## Given information
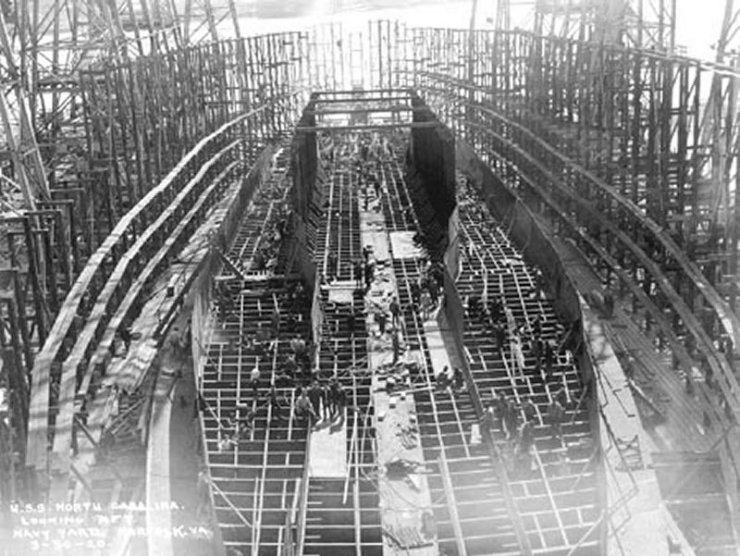 101k | On the building ways at Norfolk Navy Yard, VA. View from the bow looking aft, 24 April 1920. | NARA (National Archives Record Administration) photo courtesy of battleshipnc.com. | |
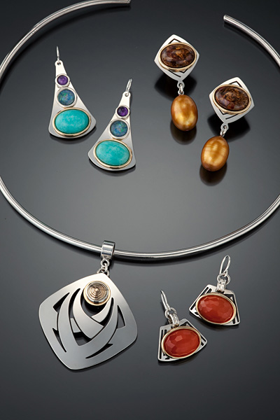 Sterling silver shown with 14/10 pietersite and 5/8 golden pearl. Surgical steel posts. Available with sterling silver wires also.
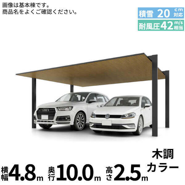 【商品のみ】カーポートSC 2台用 縦2連棟 ロング柱(H25) 48-50型 LIXIL リクシル 木調色
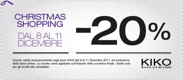 Dal 8 al 11 dicembre Kiko offre uno sconto del 20% su tutta la spesa agli iscritti alla newsletter. Basta presentare questo coupon alla cassa:
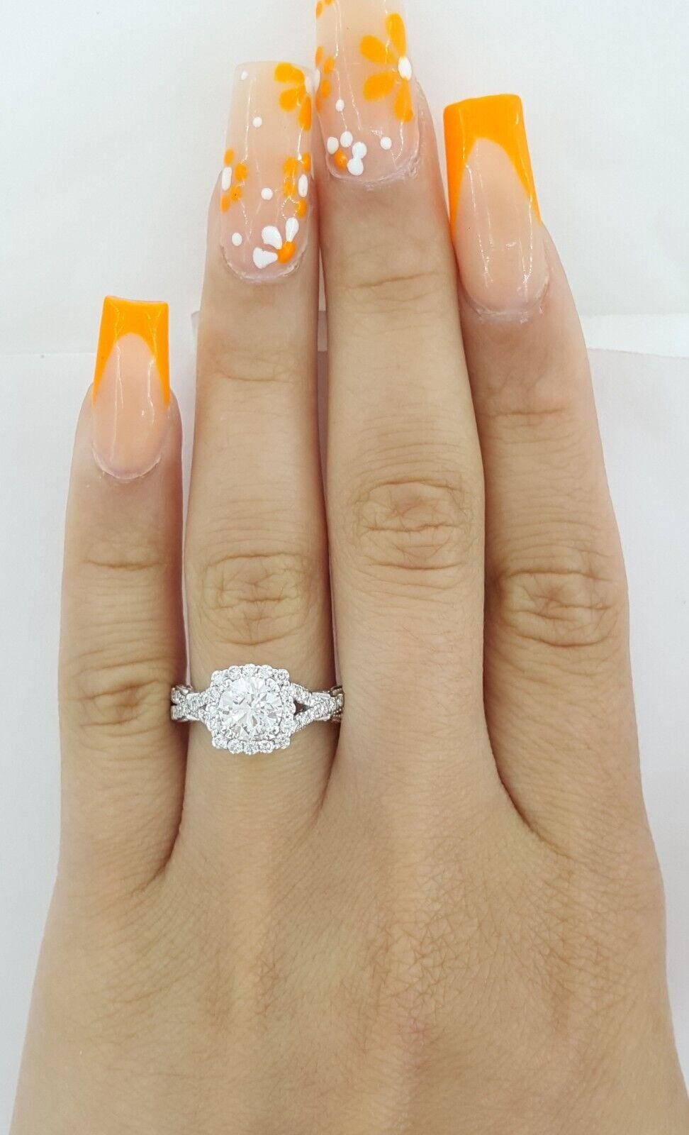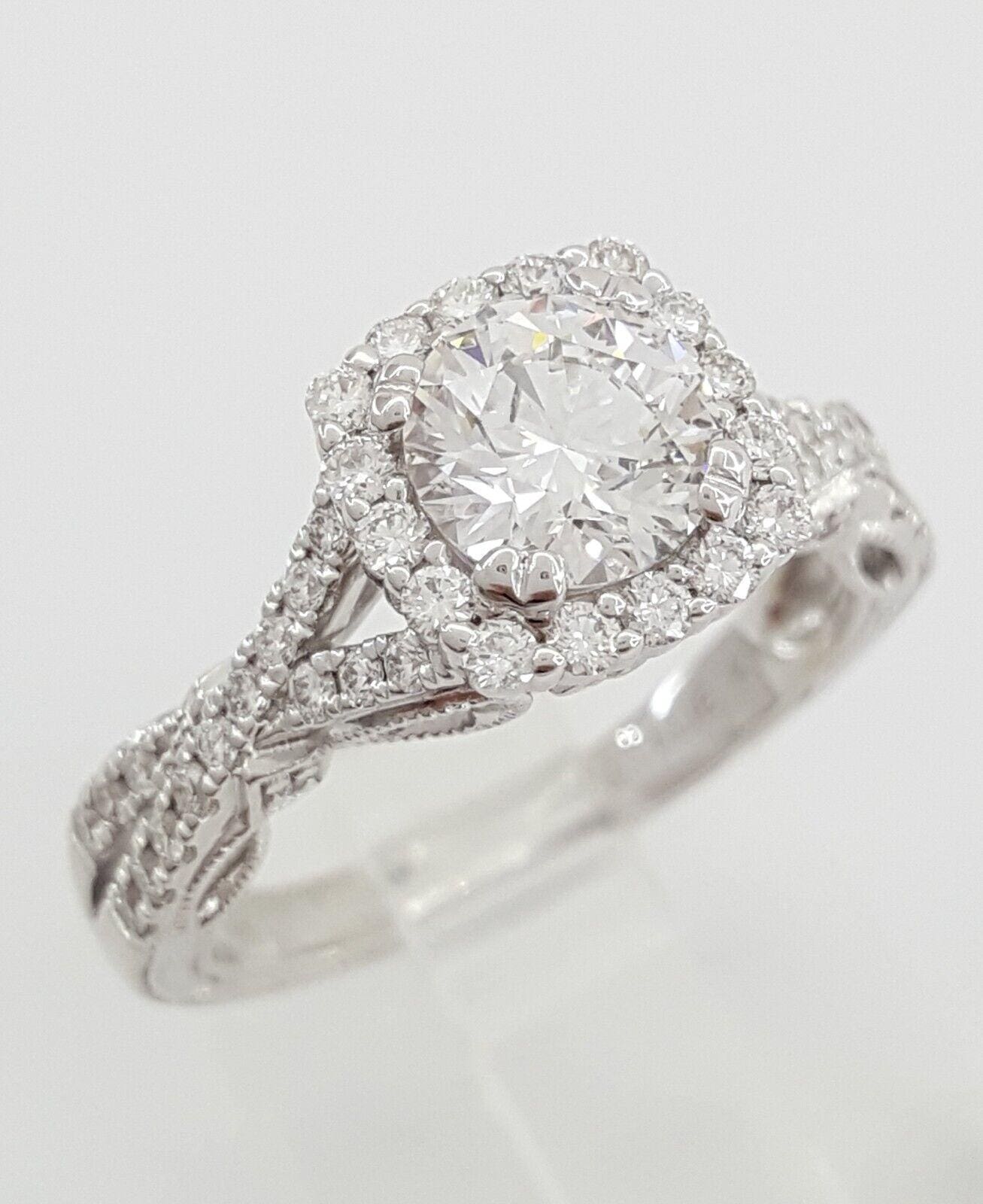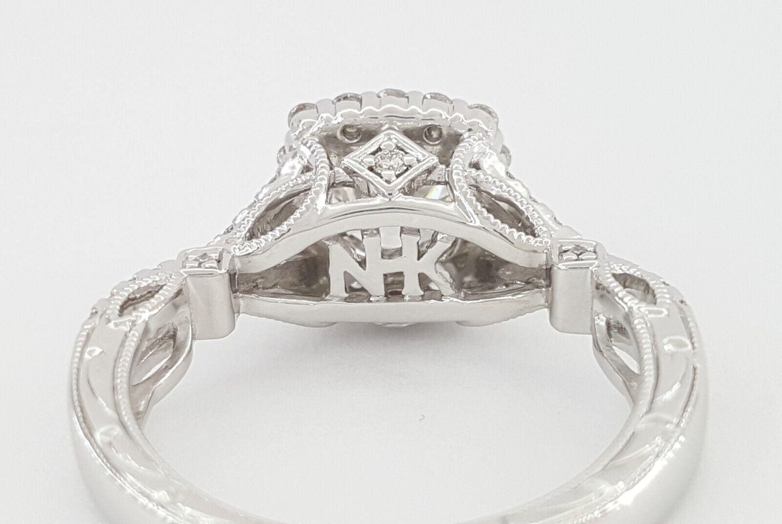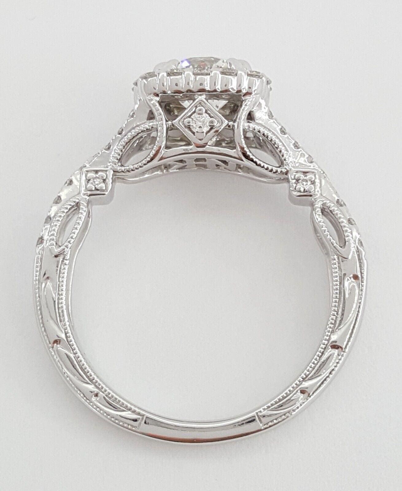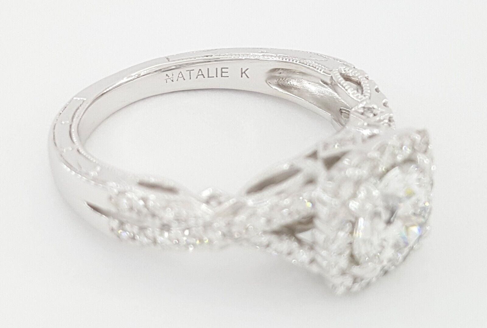You are purchasing a Natalie K 1.65 ct total weight Round Brilliant Cut Halo Diamond Crossover Hand Engraved Engagement Ring in 14k White Gold.
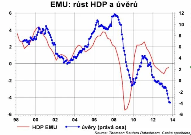 Důvěra spotřebitelů a podniků se v eurozóně zvyšuje. Oživení se ale zadrhne na bankovním sektoru. Firmy jsou v Evropě výrazně závislé na úvěrech, šestkrát více než v USA. A úvěry v eurozóně klesají. Navíc budou banky muset zvyšovat kapitálovou přiměřenost. K tomu přidejme testování bank v eurozóně, které bude probíhat do října 2014.
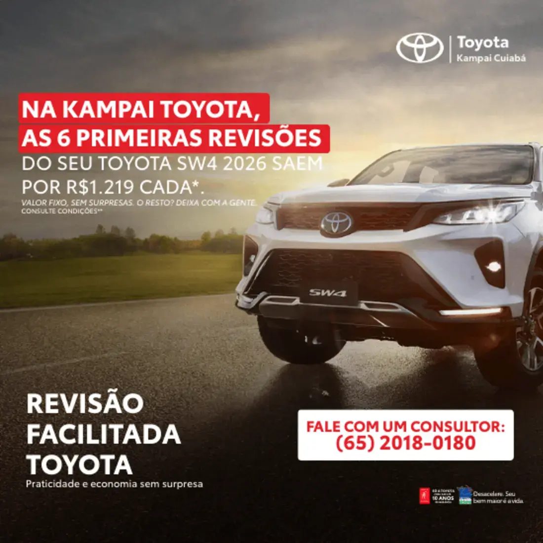 A Kampai Toyota tem o orgulho de apresentar a sua nova concessionária em Cuiabá, um marco que celebra o início de um novo capítulo em inovação e excelência. Com 12 mil m², nosso espaço foi projetado para oferecer o máximo em conforto, tecnologia e um portfólio completo de serviços, garantindo uma experiência única para os clientes da região. Venha conhecer um ambiente pensado para atender todas as suas demandas e superar expectativas. Kampai Toyota Cuiabá: onde inovação e mobilidade se encontram. Esperamos por você!
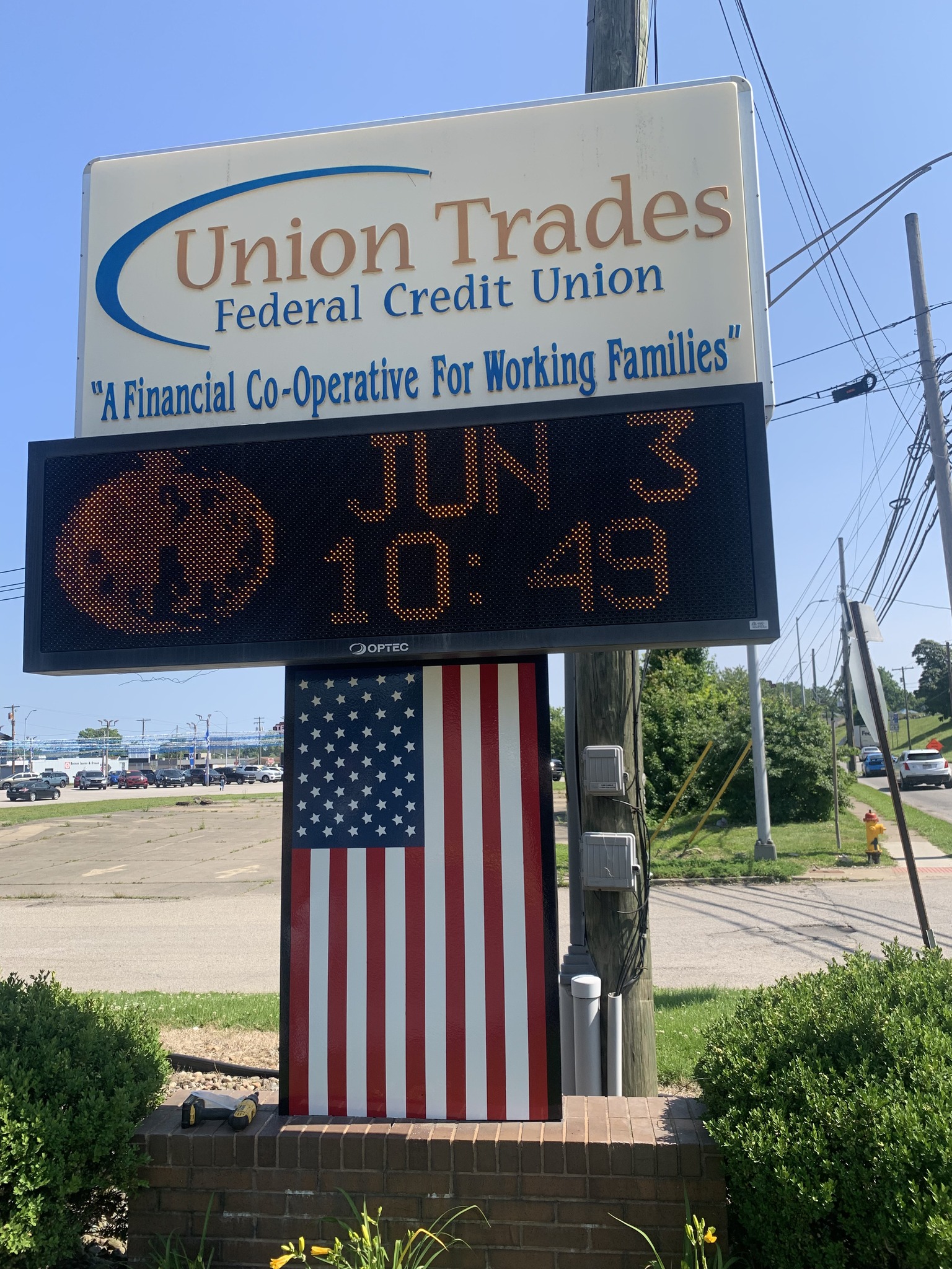 IUPAT DC 53 apprentices recently painted a USA flag on a sign for Union Trades Credit Union in Parkersburg, WV.
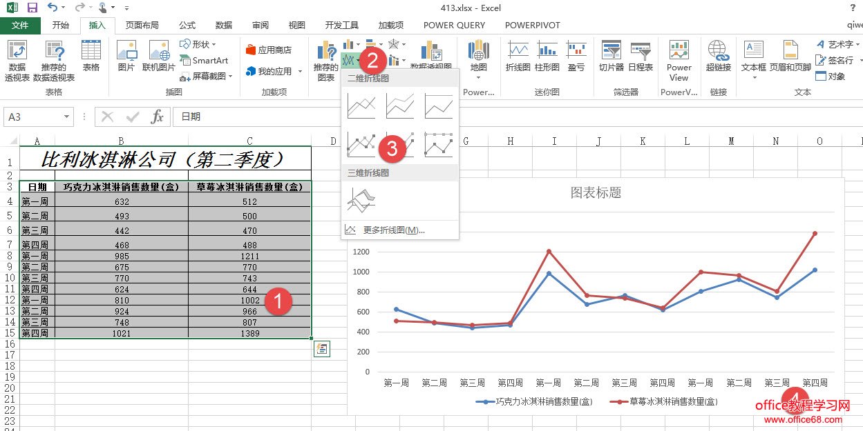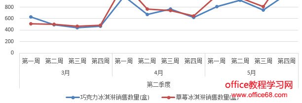 举例如果我们要生成下表中比利冰淇淋公司第二季度的两种巧克力冰淇淋的销量走势。
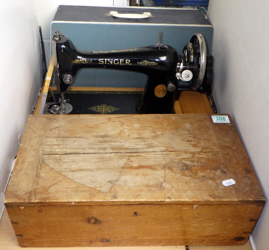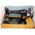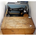 A cased Singer sewing machine together with a wooden box containing accessories
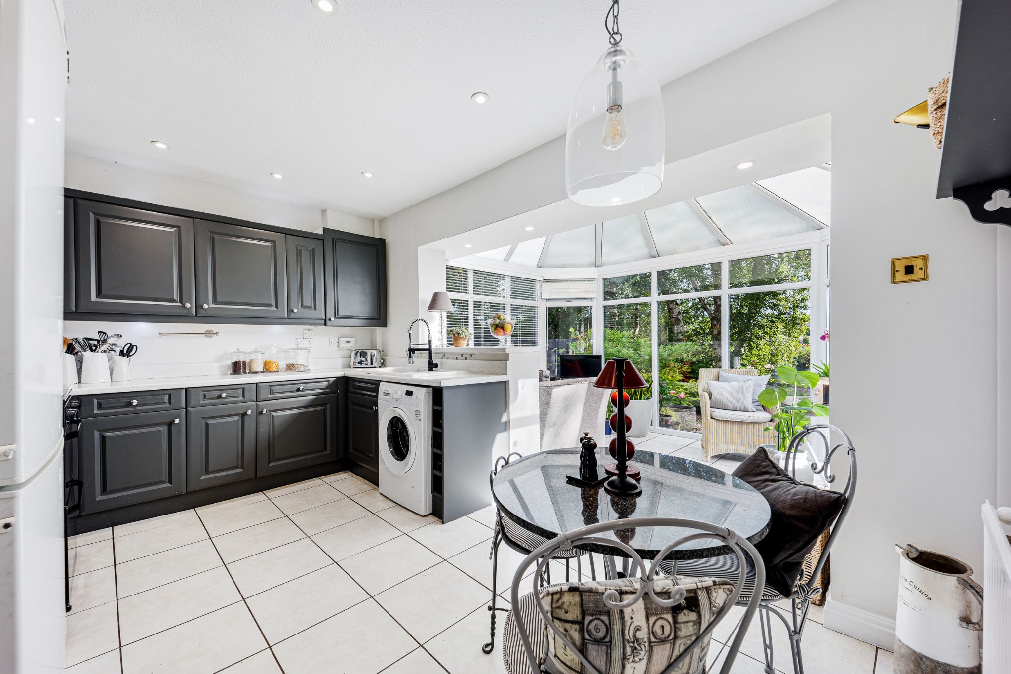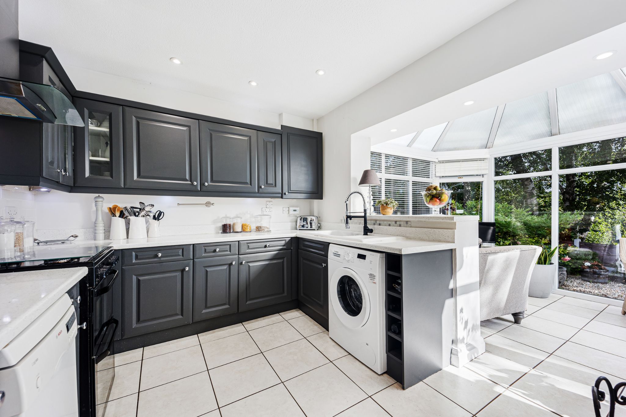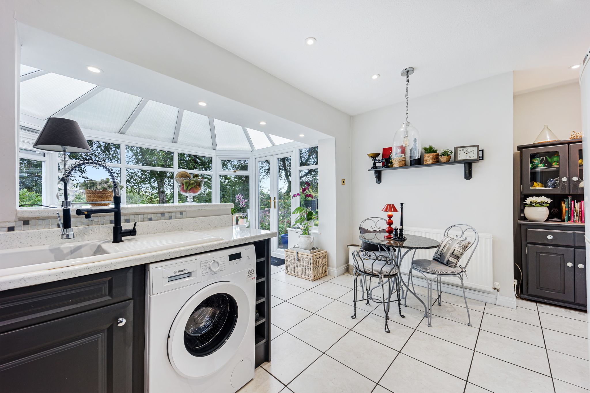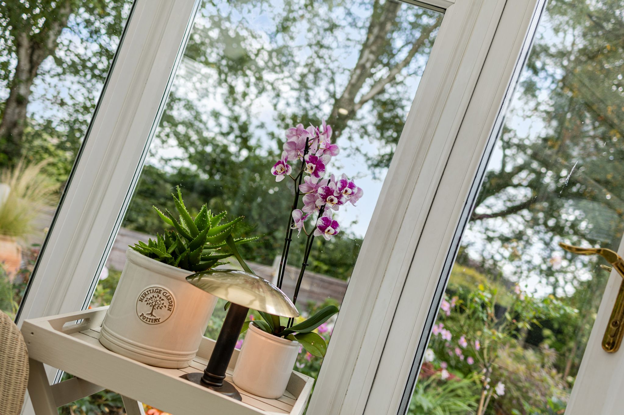 After parking up on the driveway, step through the composite front door into the entrance hallway. Fitted storage to the right offers plenty of space to neatly store coats and shoes, keeping the home neat and tidy. To the left is the welcoming lounge, a bright and calm room with a feature gas fireplace to add a cosy focal point. Continue through the glazed double doors into the kitchen-diner at the rear of the home. Grey base and wall units offer plenty of storage, and there's plumbing provisions for a cooker beneath the extractor hood, as well as space for your fridge-freezer, dishwasher and washing machine. An open archway leads through to the conservatory, where there's ample space for your dining table and furniture to allow you to enjoy watching the birds in the garden and the lovely views beyond.
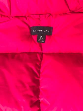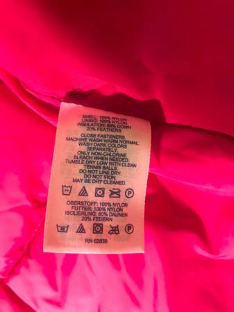 The last photo most accurately represents the color. It's more dark pink not neon pink. Land's End calls it Magenta Berry.
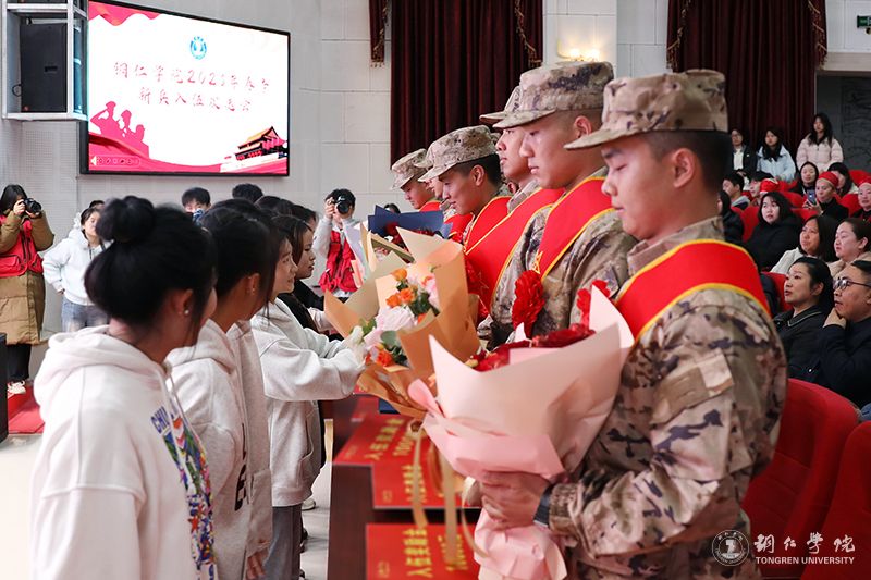 潘学军宣读入伍名单,伟德官网2026年春季入伍学生共33人。校领导给入伍新兵代表佩戴大红花、赠送校长签名纪念品;学生代表为入伍新兵献花,向大家表达了春日出征、载誉凯旋、捷报频传的美好期许。
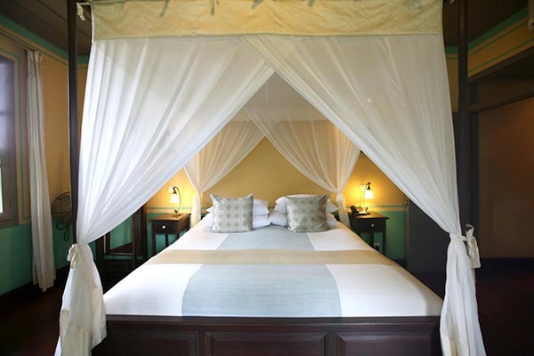 “Providing a nod to a regal bygone era, Satri House has a warm and inviting feel, offering guests total privacy and peace. Every room has its four-poster beds, retro phones and wooden furnishings. Satri House Suite 422 is very special, with its own lounge full of antiques. Outside, the two pools are super-welcoming. The main pool sits in the shade of the main house. The newer pool is near the spa complex.”
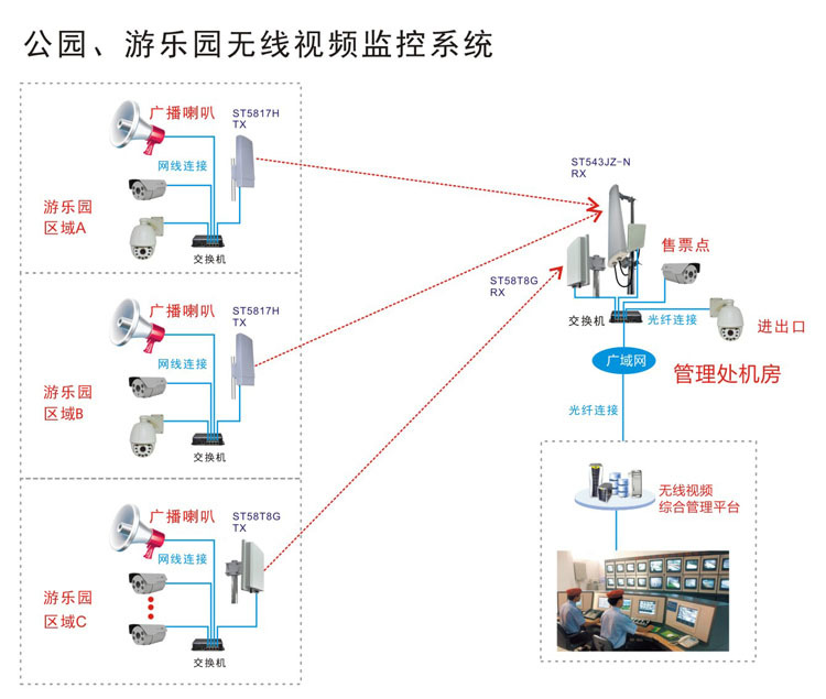 针对园区大范围、复杂环境的特点,常用5.8G无线网桥(如ST58T8G、ST5817H、ST543JZ-N等型号)作为核心传输设备,负责音视频数据的高效发送与接收。设备通过网线或光纤连接交换机,构建稳定的传输网络。
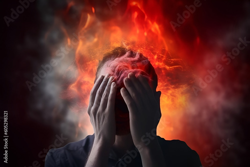 Panic attack and mental disorder concept creative illustration. AI generated

## Work item
Your task is an exact printout of the records above, with no pictures.

## Exercise answer
 101k | On the building ways at Norfolk Navy Yard, VA. View from the bow looking aft, 24 April 1920. | NARA (National Archives Record Administration) photo courtesy of battleshipnc.com. | |
 Sterling silver shown with 14/10 pietersite and 5/8 golden pearl. Surgical steel posts. Available with sterling silver wires also.
 【商品のみ】カーポートSC 2台用 縦2連棟 ロング柱(H25) 48-50型 LIXIL リクシル 木調色
 Dal 8 al 11 dicembre Kiko offre uno sconto del 20% su tutta la spesa agli iscritti alla newsletter. Basta presentare questo coupon alla cassa:
You are purchasing a Natalie K 1.65 ct total weight Round Brilliant Cut Halo Diamond Crossover Hand Engraved Engagement Ring in 14k White Gold.
 Důvěra spotřebitelů a podniků se v eurozóně zvyšuje. Oživení se ale zadrhne na bankovním sektoru. Firmy jsou v Evropě výrazně závislé na úvěrech, šestkrát více než v USA. A úvěry v eurozóně klesají. Navíc budou banky muset zvyšovat kapitálovou přiměřenost. K tomu přidejme testování bank v eurozóně, které bude probíhat do října 2014.
 A Kampai Toyota tem o orgulho de apresentar a sua nova concessionária em Cuiabá, um marco que celebra o início de um novo capítulo em inovação e excelência. Com 12 mil m², nosso espaço foi projetado para oferecer o máximo em conforto, tecnologia e um portfólio completo de serviços, garantindo uma experiência única para os clientes da região. Venha conhecer um ambiente pensado para atender todas as suas demandas e superar expectativas. Kampai Toyota Cuiabá: onde inovação e mobilidade se encontram. Esperamos por você!
 IUPAT DC 53 apprentices recently painted a USA flag on a sign for Union Trades Credit Union in Parkersburg, WV.
 举例如果我们要生成下表中比利冰淇淋公司第二季度的两种巧克力冰淇淋的销量走势。
 A cased Singer sewing machine together with a wooden box containing accessories
 After parking up on the driveway, step through the composite front door into the entrance hallway. Fitted storage to the right offers plenty of space to neatly store coats and shoes, keeping the home neat and tidy. To the left is the welcoming lounge, a bright and calm room with a feature gas fireplace to add a cosy focal point. Continue through the glazed double doors into the kitchen-diner at the rear of the home. Grey base and wall units offer plenty of storage, and there's plumbing provisions for a cooker beneath the extractor hood, as well as space for your fridge-freezer, dishwasher and washing machine. An open archway leads through to the conservatory, where there's ample space for your dining table and furniture to allow you to enjoy watching the birds in the garden and the lovely views beyond.
 The last photo most accurately represents the color. It's more dark pink not neon pink. Land's End calls it Magenta Berry.
 潘学军宣读入伍名单,伟德官网2026年春季入伍学生共33人。校领导给入伍新兵代表佩戴大红花、赠送校长签名纪念品;学生代表为入伍新兵献花,向大家表达了春日出征、载誉凯旋、捷报频传的美好期许。
 “Providing a nod to a regal bygone era, Satri House has a warm and inviting feel, offering guests total privacy and peace. Every room has its four-poster beds, retro phones and wooden furnishings. Satri House Suite 422 is very special, with its own lounge full of antiques. Outside, the two pools are super-welcoming. The main pool sits in the shade of the main house. The newer pool is near the spa complex.”
 针对园区大范围、复杂环境的特点,常用5.8G无线网桥(如ST58T8G、ST5817H、ST543JZ-N等型号)作为核心传输设备,负责音视频数据的高效发送与接收。设备通过网线或光纤连接交换机,构建稳定的传输网络。
 Panic attack and mental disorder concept creative illustration. AI generated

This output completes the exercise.